Hoje o panorama vai mudando. Na Igreja Católica Romana, após o Concílio Vaticano II, já não se considera Madalena como uma prostituta. Essa modificação aconteceu quase em silêncio, como é costume nas transformações eclesiásticas que podem causar alguma alteração na fé dos fiéis. Na sua festa litúrgica (22 de julho) Maria Madalena já não aparece como a “penitente”, em vez da passagem de Lc 7, 35-50 em que se descreve a unção da prostituta, lê-se agora o Evangelho de João 20, 1-2.11-18 no qual se narra que Maria Madalena foi a primeira a anunciar aos apóstolos que o Mestre estava vivo. Em sua
nova liturgia, Madalena já não é uma ex-prostituta convertida, mas uma mulher santa que foi testemunha e apóstola na primeira comunidade cristã. Porém, há um longo caminho a percorrer.

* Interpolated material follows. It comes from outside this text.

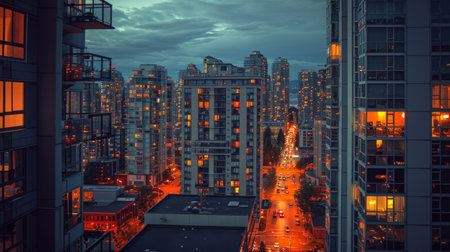 Stunning cityscape showcasing sleek glass skyscrapers illuminated by warm evening lights. The juxtaposition of architecture and nature creates an intriguing urban vista.

Hoje, as mulheres continuam com grande atuação no cristianismo: nas comunidades e também nas esferas sociais. Se verificarmos as estatísticas, perceberemos que, nas comunidades cristãs, o número de mulheres atuantes ultrapassa o número de homens. Embora o poder de autoridade ainda esteja na esfera hierárquica da Igreja, as mulheres já ocupam espaços de liderança e permanecem à frente de suas comunidades e movimentos, atuando em defesa da vida.
ANEXO
A Biblioteca de Nag Hammadí é uma coleção de textos religiosos da época do cristianismo primitivo. No mês de dezembro 1945, dois camponeses da região de Nag Hammadí, no Egito, enquanto trabalhava no campo encontraram um jarro com fragmentos de papiros. Descobriu-se que esses fragmentos eram uma coleção de manuscritos antigos, constituída de 12 códices, cerca de 52 tratados; com as duplicidades, há 45 títulos separados. O fato do clima ser muito seco fez com que os documentos fossem preservados. A maioria deles são datados entre os séculos III e IV, e pertencem a um movimento chamado gnóstico. Eles estão escritos em copta, mas originalmente foram compostos em grego.204
A palavra Gnosticismo significa conhecimento, é um termo derivado do grego - gnosis. É um movimento religioso que se expandiu pela região do Mediterrâneo no século I aC. até o século III dC. Movimento de expressões pagãs, judias e cristãs. O Gnosticismo cristão, surgiu como uma reafirmação, do modelo original de transcendência da origem do cristianismo. Eles consideravam-se os seguidores fiéis dos primeiros cristãos. Esse movimento despertou conflitos e divergências em outros cristãos. Com a cristianização do Império Romano eles foram drasticamente reduzidos, chegando a serem acusados de hereges e banidos da Igreja.205
204 ROBINSON, James M. A biblioteca de nag hammadí. São Paulo: Madras, 2006. p. 9;27;35. 205 ROBINSON, James M. A biblioteca de nag hammadí. São Paulo: Madras, 2006. p. 19-20.